07. Dezember 43 v.Chr.: Cicero in Formiae ermordet

Stichtag

07. Dezember 43 v.Chr.: Cicero in Formiae ermordet

Als Marcus Tullius Cicero noch ein Kind ist, zieht seine Familie nach Rom. Der Hochbegabte soll eine erstklassige Ausbildung erhalten: Philosophie, Rhetorik, Gerichtspraxis. Doch Cicero gehört nicht zur römischen Elite: Seine Eltern sind Ritter, keine Senats-Adligen. Er ist im Jahr 106 v.Chr. in der Provinz geboren, in dem Appenin-Städtchen Arpinum. Zur Karriere braucht er also Erfolge - und Mut. Im Jahr 80 v. Chr. verteidigt der junge Anwalt einen Mordverdächtigen: Sextus Roscius soll seinen Vater ermordet haben. Cicero weist nach, dass die Täter Günstlinge des Diktators Sulla sind. Roscius wird freigesprochen und Cicero begibt sich aus Vorsicht auf eine Bildungsreise nach Griechenland.

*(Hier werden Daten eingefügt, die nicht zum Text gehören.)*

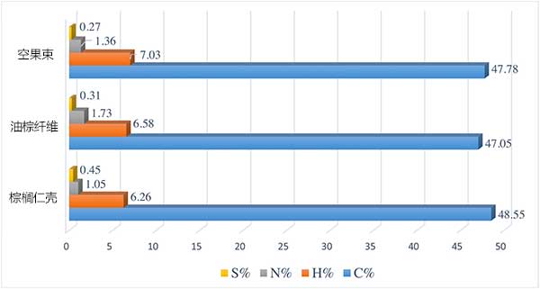 CHNS分析:在碳化和活化之前分析预处理活性炭的元素组成。图4显示了预处理样品的定量元素分析的图示。碳是所有样品中最突出的元素,棕榈仁壳,空果束和油棕纤维分别为48.55%,47.78%和47.05%。空果束含有7.03%的氢和1.36%的氮。油棕纤维含有6.58%的氢,1.73%的氮,而棕榈仁壳含有6.26%的氢和1.05%的氮。对于所有活性炭样品,硫含量不太重要,因为它们含量低于1%。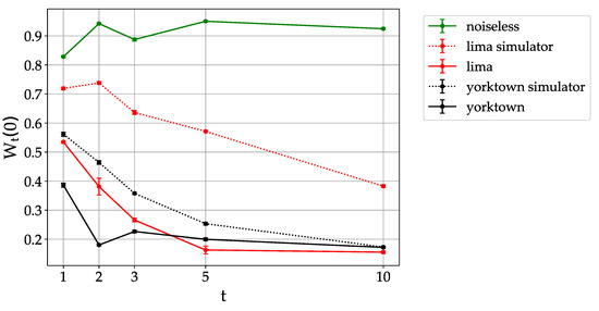 Finally, with the aim of further testing the capabilities of quantum processors to simulate dynamical localization, we show in Figure 5 the localization peak value as a function of the number of kicks. For the noiseless case the distribution remains localized with fluctuations of around 0.9. For the ibmqx2 - yorktown quantum processor the peak at does not emerge from noise already at . On the other hand, for the lima quantum processor the peak is visible up to kicks. Evidently, the Qiskit simulator underestimates the level of noise in the corresponding devices, and predicts a peak decay in 3–5 map steps (for ibmx2-yorktown) and in 10–15 kicks for lima. Overall, the data of Figure 3 and Figure 5 testify the significant improvement of quantum hardware performance in the last few years. As a closing remark, it is worth reminding that error mitigation techniques can be applied to reduce the impact of various sources of noise on near term quantum processors [30,31,32]. We have applied an error mitigation procedure based on Ref. [31] in combination with the Qiskit noise model, and only found a limited effect in improving the specific quantum localization algorithm (results not shown). A more detailed characterization of noise in such devices is by itself an interesting problem, which goes, however, beyond the scope of the present work.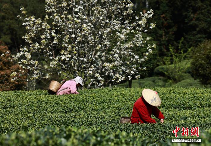 3月20日,正值中国二十四节气的春分,四川省雅安市名山区红星镇骑龙村,茶农在茶园里采摘春茶。中新社记者 王磊 摄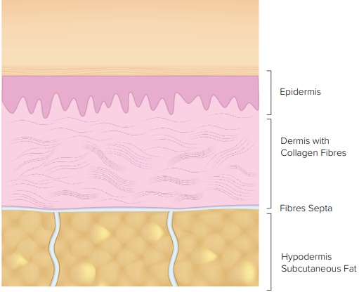 Layers of skin tissue unaffected by fat cells pushing between the fibres septa.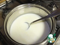 В небольшой кастрюльке растопить сливочное масло. В растопленное масло налить кефир, перемешать, снять с огня и добавить соду. |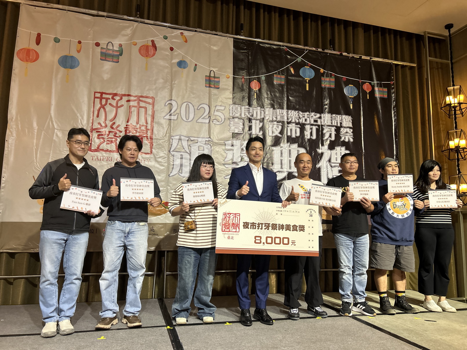 臺北夜市打牙祭夜市神美食獲獎攤商上台領獎。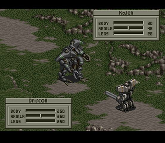 Una vez explicada esta primera fase, pasemos a la fase de batalla. Como hemos comentado anteriormente, es un tablero dividido en cuadrados y se desarrolla por turnos. Cada mecha tiene su vida repartida entre las partes de su estructura y, la pérdida de una de ellas, tiene diferentes consecuencias. Perder un brazo (y el hombro, ya que se pierde conjuntamente) supone la pérdida de la capacidad de utilizar las armas que en ese brazo tuviéramos y, en el caso de perder ambos brazos, el mecha se quedará sin poder atacar. Si nos destruyen las piernas perderemos la capacidad de movimiento, pudiendo movernos solo a celdas adyacentes. El más crítico es que destruyan el cuerpo, ya que en ese caso, el mecha explotará y dispondremos de un efectivo menos en combate. Hay ciertos ítems que nos permitirán en nuestro turno reparar alguna de las partes antes de que sean completamente destruidas. Recordaréis que dijimos que a veces nos interesaría un solo impacto fuerte, o más impactos pero de menor intensidad. Imaginaos que tenéis a un adversario que tiene alguna parte de su cuerpo muy debilitada, quizá nos interese mejor realizar más impactos de menor intensidad para ver si podemos destruir definitivamente esa parte del mecha y, así, tener una ventaja táctica. Al utilizar un arma, cada impacto golpeará al mecha enemigo en un lugar aleatorio, no lo podremos elegir.

Zurück in Rom, macht Cicero eine steile Karriere. 64 setzt er sich als Kandidat für das Konsulat gegen den Adligen Catilina durch. Als der ein Jahr später eine Art Putsch plant, treibt ihn Cicero mit öffentlichen Reden in die Enge und erreicht Catilinas Hinrichtung. Diesen Sieg verewigt der eitle Cicero in zahlreichen Briefen und Schriften. Seine Aussprüche gegen Catilina werden zu geflügelten Worten: "Quousque tandem" (Wie lange noch?), "O tempora, o mores" (Was für Zeiten, was für Sitten!). Doch je mehr Rom zur Weltmacht wird, desto stärker herrschen die Militärführer. Bald sind es Pompeius und Caesar, die den Republikaner Cicero ins Exil aufs Land drängen. Der Redner verlegt sich aufs Schreiben: In seinen Werken formuliert er sein Ideal eines moralischen Rechtsstaates und prägt die lateinische Schriftsprache. Die neuen starken Männer verachtet Cicero: "Erbärmliche Subjekte" seien sie, denen Gewaltherrschaft und persönliche Interessen mehr gälten als das Wohlergehen des Staates.

Als Caesar Alleinherrscher wird, geht er mit Cicero gnädig um. Der Schriftsteller hat kein politisches Gewicht mehr. Auch an der Verschwörung gegen Caesar ist er nicht beteiligt. Als Caesar im März 44 v.Chr. ermordet wird, hofft Cicero auf die Wiederherstellung der Republik - vergebens. Caesars Thronerben, Antonius und Octavian, stehen schon als Rivalen bereit. Wieder wird Cicero der italienische Boden zu heiß. Er verzieht sich auf ein Landgut bei Formiae am Meer. In der Nacht zum 7. Dezember 43 v.Chr., auf dem Weg zu einem Schiff, das ihn nach Griechenland bringen soll, überfallen ihn Soldaten des Antonius. Hauptmann Herennius versetzt Cicero den Todesstoß. Antonius lässt Hände und Kopf seines Opfers auf dem Forum in Rom zur Schau stellen. Die Republik ist endgültig untergegangen.